そうすると、本件訂正発明5における「前記選択した1つの新たな機能に対応する個別情報」は、携帯電話における構成、機能等を特定し、受信装置に受信される個別情報が携帯電話側において特定されるものであることを述べたものにすぎず、受信装置における構成、機能等を特定する記載とはいえない。したがって、「受信装置」に関する発明である本件訂正発明5において、「前記選択した1つの新たな機能に対応する個別情報」は、単に「個別情報」とするものと技術的には異ならないものというべきである。
【コメント】
本件では、上記のように、本件訂正発明5における「他のサブコンビネーション」についての記載は「請求項に係るサブコンビネーションの構造、機能等」を特定しないと判断され、結果として、請求項に係るサブコンビネーションの発明の進歩性が否定され、特許無効の抗弁が認められた。
原告(控訴人)らは、「本件訂正後の請求項4の携帯電話に関する事項(複数の新たな機能の中から1つが選択され得る)は、当該装置のみを特定する事項ではなく、本件訂正発明5に係る「受信装置」の発明の構造、機能等(当該受信装置に設けられた読み取りスイッチの押下によって、前記選択した1つの新たな機能に対応する個別情報の発信要求を当該受信装置に近づけられた前記携帯電話に発信する発信手段)を特定するものといえる。」旨主張したが、採用されなかった。

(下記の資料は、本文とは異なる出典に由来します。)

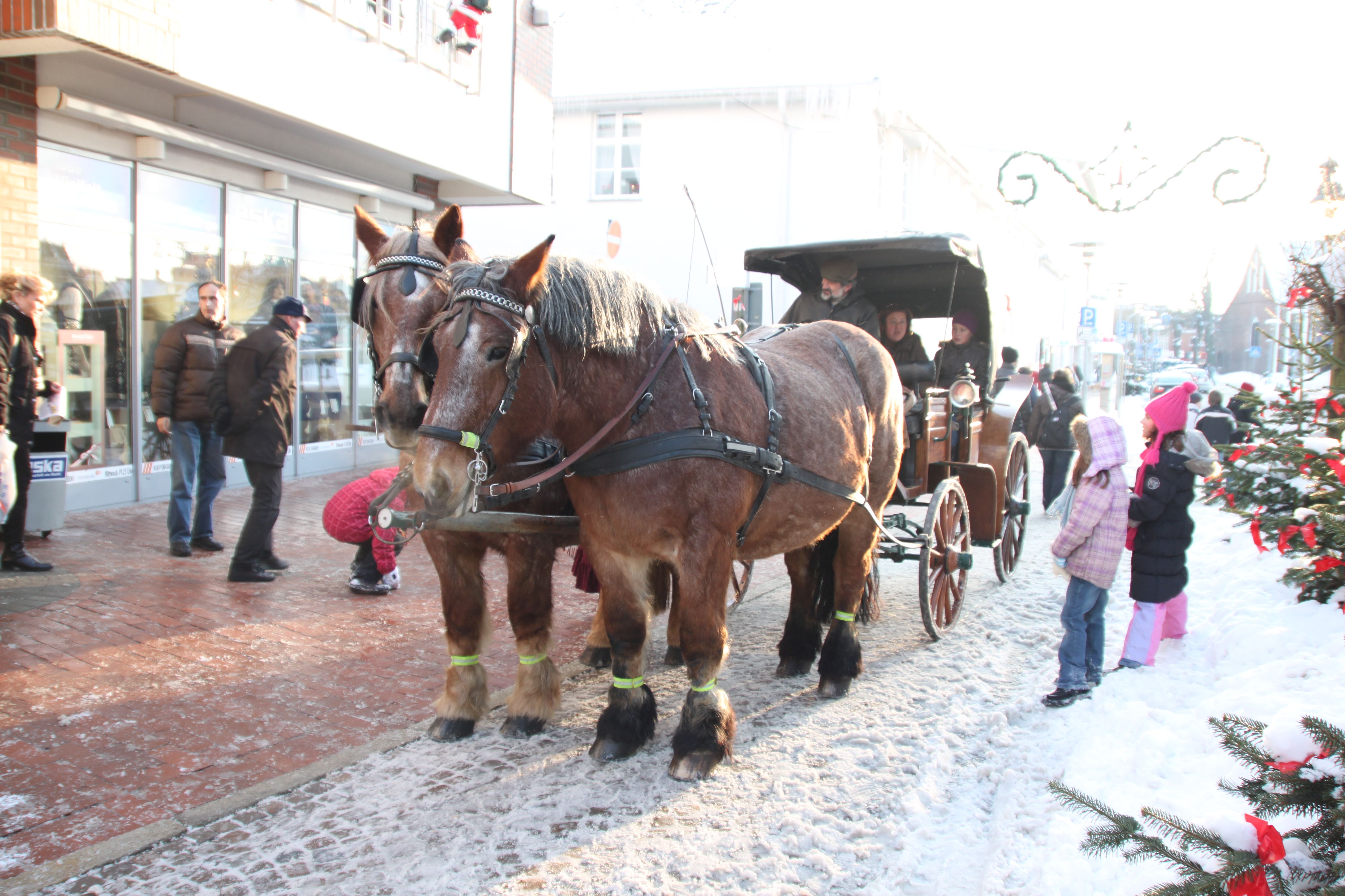 Die winterlichen Kutschfahrten finden an allen Adventssamstagen von 13.30 bis 15.30 Uhr statt. Beginn ist am eska Kaufhaus in der Kremper Straße. Die Fahrten kosten 1 Euro pro Fahrt für Kinder und 3 € pro erwachsener Person und der Erlös wird für ein soziales Projekt oder an einen Verein gespendet. Es ist keine Anmeldung notwendig.

本件における本件訂正発明5の認定は、特許・実用新案審査基準の「第III部第2章第4節 特定の表現を有する請求項等についての取扱い」の「4.サブコンビネーションの発明を『他のサブコンビネーション』に関する事項を用いて特定しようとする記載がある場合」の欄の考え方に沿ったものといえ、妥当に思われる。
各サブコンビネーション発明の実施主体が相互に異なる場合もあり得ること、サブコンビネーション発明の技術的範囲は全体装置の発明(コンビネーション)よりも広いと考えられること、等を考慮すると、サブコンビネーション発明を請求項に記載しておくことは有効な戦略と考えられるが、装置全体の発明(コンビネーション)には新規性・進歩性が認められる場合であっても、そのサブコンビネーションの発明には新規性、進歩性が認められない場合があることには留意が必要である。サブコンビネーションの構成だけで進歩性が認められるかが微妙な場合には、間接侵害に基づく権利行使も視野に入れ、全体装置の発明(コンビネーション)も請求項に記載しておくことが望ましいと考えられる。